How Will The New Generation Of Workers Change Today’s Leaders?

Millennials are making the workplace a much more pleasant place to be. While modern work motivation theories have already called upon leaders to make work more fulfilling for employees, millennials are furthering this trend. They refuse to settle for menial work. Instead, they move on when they feel bored or stagnant. This is evidenced by the lower median job tenure for millennials of two to three years - quite a bit lower than for other generations.

Flexibility and work-life balance have also gained momentum in recent years, but the millennials are taking it to the next level. Leaders will have to be more responsive to workers’ demands for flexibility and work-life balance or they will lose the best people. In fact, lack of flexibility is the number one reason millennials quit jobs today.

Millennials also want more praise and rewards for jobs well done. While their reputation for wanting trophies for just showing up often generates chuckles among leaders, their quest for recognition isn’t all bad. The rest of us are benefiting from employee recognition programs as well, and company profits are too. What leader wouldn’t see this as a positive change?
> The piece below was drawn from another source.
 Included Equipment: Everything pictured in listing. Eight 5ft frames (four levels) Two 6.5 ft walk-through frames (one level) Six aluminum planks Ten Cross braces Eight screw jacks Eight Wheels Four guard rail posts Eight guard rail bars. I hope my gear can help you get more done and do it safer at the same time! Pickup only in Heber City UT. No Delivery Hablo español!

How Will Today's Leaders Change The New Generation Of Workers?

On the other hand, let’s face it; many of the millennials’ demands are impractical. The workplace can only bend so far to accommodate individual desires for pleasant, self-fulfilling, interesting, rewarding work that fits conveniently around leisure and family time. There’s only so far we can indulge employees before profits erode to an unsustainable level.  At some point, the millennials will have to learn to endure hardship to survive in the cutthroat world economy and today’s leaders need to teach them how.
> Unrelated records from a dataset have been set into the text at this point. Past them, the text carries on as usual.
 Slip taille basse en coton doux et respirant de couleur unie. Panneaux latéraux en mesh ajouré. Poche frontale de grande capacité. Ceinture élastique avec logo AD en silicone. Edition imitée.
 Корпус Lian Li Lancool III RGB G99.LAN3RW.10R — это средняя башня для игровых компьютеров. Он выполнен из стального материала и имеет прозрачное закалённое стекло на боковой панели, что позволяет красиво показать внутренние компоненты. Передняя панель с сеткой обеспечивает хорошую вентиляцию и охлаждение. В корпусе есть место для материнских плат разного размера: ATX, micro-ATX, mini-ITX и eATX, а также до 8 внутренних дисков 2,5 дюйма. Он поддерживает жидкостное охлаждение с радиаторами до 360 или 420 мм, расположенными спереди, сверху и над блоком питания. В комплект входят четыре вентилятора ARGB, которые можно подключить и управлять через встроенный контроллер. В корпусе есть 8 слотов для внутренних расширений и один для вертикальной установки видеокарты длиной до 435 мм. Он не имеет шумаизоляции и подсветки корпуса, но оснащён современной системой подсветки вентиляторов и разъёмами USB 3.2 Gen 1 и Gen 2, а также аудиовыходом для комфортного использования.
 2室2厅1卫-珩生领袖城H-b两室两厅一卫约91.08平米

Leaders have the ability to help the new generation of workers be more independent and need less feedback and direction to get their work done. Leaders can help millennials develop the resilience to get through boring and unpleasant circumstances because they are inherent in work life. Leaders can also help millennials bounce back from failures and not depend on rewards and recognition to get them through the day.

Who’s Right?

Are millennials too entitled and demanding? Or is it that we leaders are too stuck in our old ways of thinking that we can’t come up with ways to make work more flexible and fulfilling? There’s a case on both sides, but let’s take the best of both worlds, not the worst, and lead positive change for the workforce.